Tornado or Funnel?

This may be a very interesting area of research that to my knowledge has never been done in detail. The hypothesis is that most, if not all, "tornado sized" funnels below cloud base (that is, not "shear funnels", midlevel funnels or other small transient features) have a damage-capable circulation at ground level given moderate-or-lower LCLs. That is, it would be more accurate to assume they are tornadoes than not, for all practical purposes.

A damage-capable circulation will only manifest itself to an observer at distances greater than a half-mile or so if there is enough material to loft (dirt or debris). Without anything to loft (such as over a rain-soaked field), the circulation at ground level will present at minimum with lighter debris and periodic small suction vortices. To gain a positive visual of these features, you quite literally have to be right there next to it. A spotter a half-mile away or farther will never see these, but we know they are likely there as a result of dozens of chasers making close intercepts of them.

The primary evidence to support this hypothesis comes from chasers who have witnessed and documented quite a few of these. How many times have chasers been right under a funnel and it's been observed with certainty that there *hasn't* been something at ground level? I can't think of any.

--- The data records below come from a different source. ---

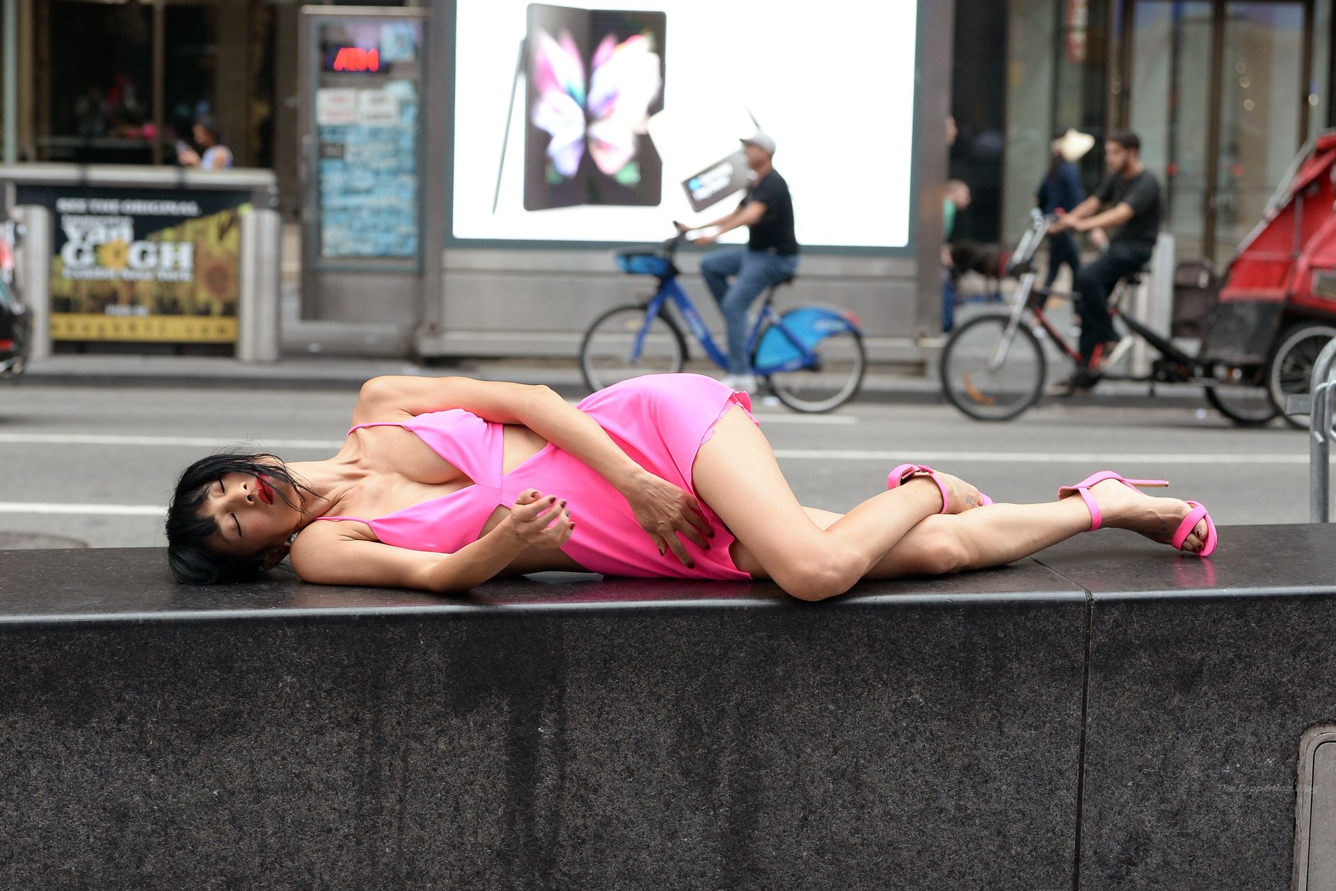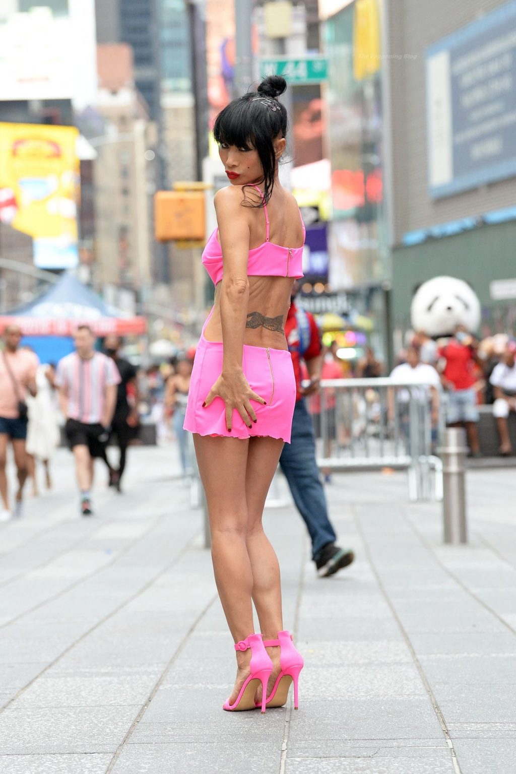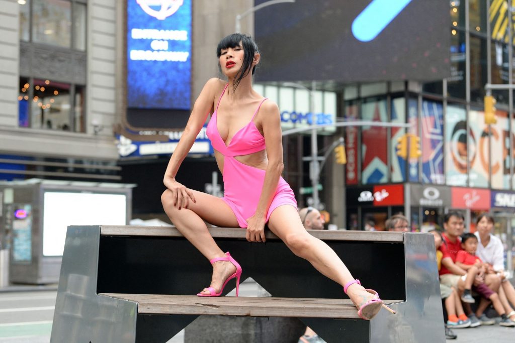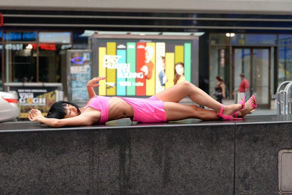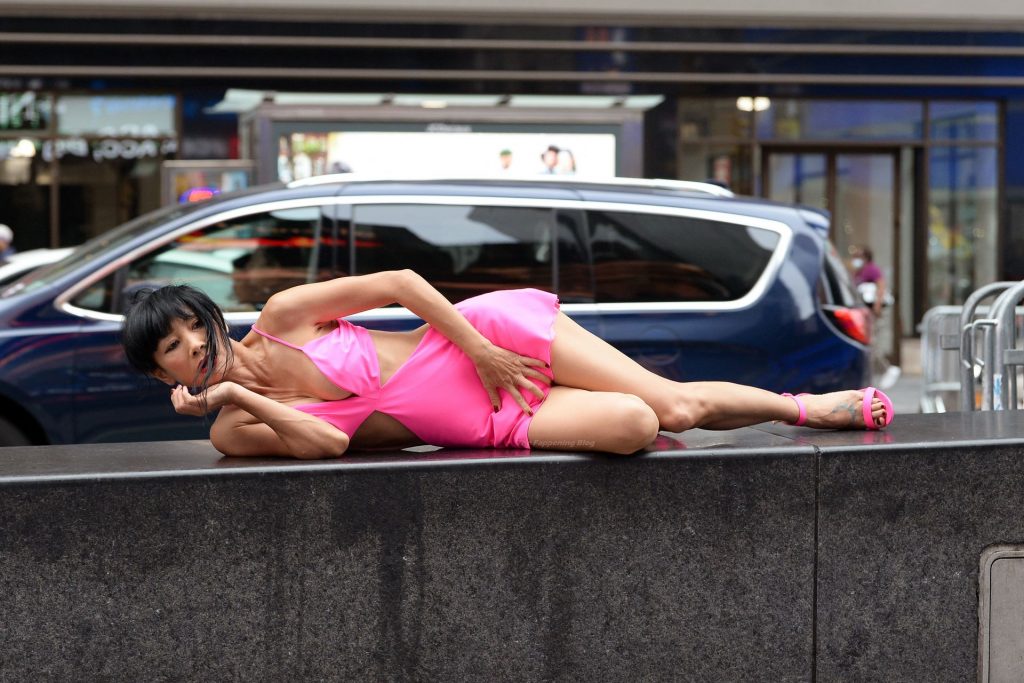 Actrice et mannequin, Bai Ling est vue en séance photo, montrant ses jambes fines, portant une robe rose à Times Square à New York, 20/08/2021.
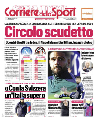 L'edizione odierna de "Il Corriere dello Sport" si sofferma in prima pagina sulla lotta scudetto.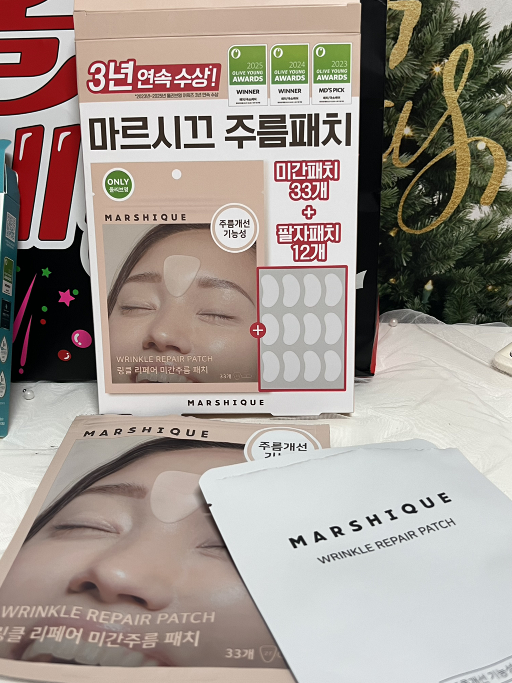 4.마르시끄 링클 리페어 미간주름 패치 올리브영 어워즈 한정기획(미간33개+팔자12개) / 10,900원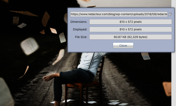 Avec l’extension Chrome Image Size Info, faites un clique droit sur une image pour l’analyser et obtenir :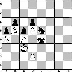 Partie-Notation im PGN-Format [Event "März 2019"] [Site "www.mySchach.de"] [Date "2019.02.18"] [Round "1"] [White "alibengali"] [Black "Rotstift10"] [ECO "E32"] [WhitemyELO "1700"] [BlackmyELO "1632"] [Result "1/2-1/2"] [TimeControl "10/1728000"] [WhiteDays "111"] [BlackDays "101"] [MySchachNr "114400"] 1. d4 Nf6 2. c4 e6 3. Nc3 Bb4 4. Qc2 Bxc3+ 5. bxc3 h6 6. e4 d6 7. Nf3 b6 8. Bd3 Bb7 9. O-O Nbd7 10. Bb2 c5 11. d5 e5 12. Nh4 Nf8 13. Nf5 Ng6 14. Nxg7+ Kf8 15. Nf5 Nf4 16. Bc1 Ng8 17. Bxf4 exf4 18. Qc1 f3 19. gxf3 Bc8 20. Qf4 Bxf5 21. Qxf5 Qg5+ 22. Qxg5 hxg5 23. Kh1 f6 24. Rg1 Ne7 25. Rg4 Kf7 26. Rag1 Rh5 27. f4 Rah8 28. R1g2 Rh3 29. Bf1 gxf4 30. Rxf4 Rxc3 31. Rfg4 Rh7 32. R4g3 Rxg3 33. fxg3 Ng6 34. a4 Ne5 35. Be2 Kg6 36. h4 Kh6 37. g4 Rg7 38. Kh2 Ng6 39. Rf2 Nxh4 40. Rxf6+ Rg6 41. Rxg6+ Nxg6 42. Kg3 Kg5 43. Kf3 Nh4+ 44. Ke3 Ng6 45. Kd3 Kf4 46. Bd1 Ne5+ 47. Kc3 Kxe4 48. Bc2+ Kf4 49. Bf5 Nxg4 50. Bd7 Ne5 51. Bb5 a5 52. Bc6 Ke3 53. Bb5 Ke4 1/2-1/2 Stellungs-Notation im FEN-Format 8/8/1p1p4/pBpPn3/P1P1k3/2K5/3P4/8 - - - 4 54 Geschlagene Figuren Weiss: Geschlagene Figuren Schwarz: Klicken Sie auf eine geschlagene Figur um den gewünschten Zug darzustellen!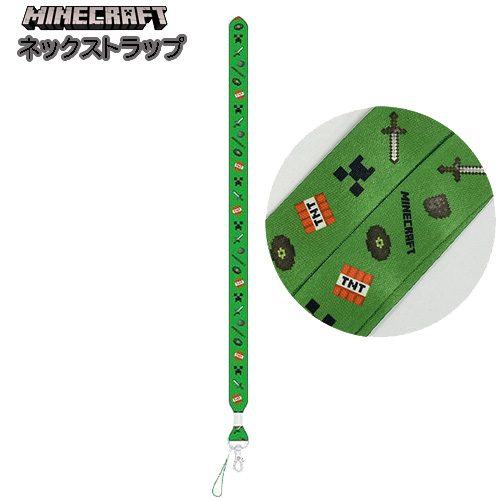 マインクラフト ネックストラップ ( グリーン ) 18336 マイクラ ストラップ ICストラップ ランヤード 首掛け 平紐 クリーパー Creeper mob MCT-NS-GN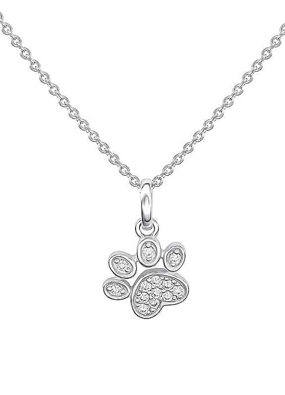 Dew Sterling Silver & Cubic Zirconia Paw Print 18 Inch Necklace - Size ONE SIZE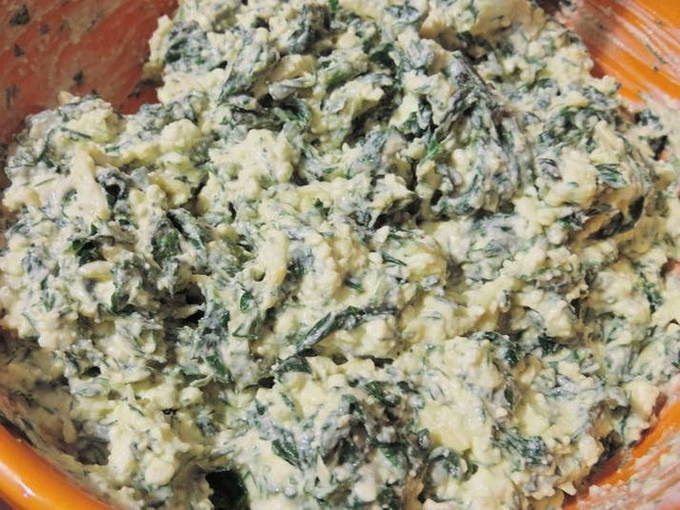 - Meng spinazie, kwark, gehakte peterselie, zure room en ongeveer 100 gr. kaas schaafsel. Je kunt een beetje zout toevoegen, maar houd er rekening mee dat de kaas al zout is.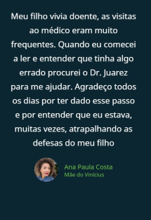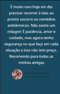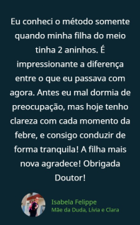 Eu sempre fui muito apavorada com relação a febre, porque minha fiha sempre teve febre muito alta e eu ficava sempre muito nervosa. O Dr. Juarez me passou todo conhecimento em relação ao funcionamento do corpo com a febre e eu consegui entender como conduzir e consegui me acalmar. Antes eu me apavorada quando ela tinha febre, hoje consigo levar com mais calma e ajudar ela.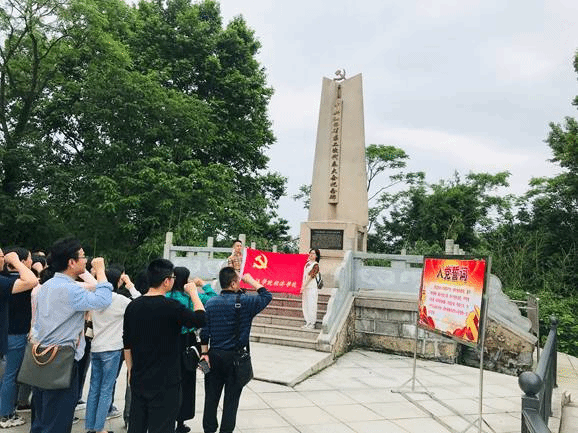 在中共江西省第二次代表大会纪念碑前,大家佩带党徽、面向用革命先烈鲜血浇灌的党旗,在公司党委书记漆晗东同志的带领下,庄严的举起右手,重温入党诗词。在这庄严的时刻,在场的党员教师们又经历了一次思想洗礼,深切体会到了作为一名党员、教师的历史责任与使命!

The best example I have with good video documentation is the Meredosia, IL tornado on 12/1, with emphasis on the ground-level circulation crossing the road on my front dashcam at 3:03 in the video. One of the suction vortices was no bigger than 10 or 15 feet above the ground:


I think that most funnels (again, "tornado sized", not small transient features) have *at least* something similar underneath, and I believe this might be confirmed by research if it were undertaken. A mobile home or weaker structure would be damaged or even destroyed if hit directly by such an innocuous-looking circulation, so the paradigm of always dismissing them as non-tornadic has real-world implications.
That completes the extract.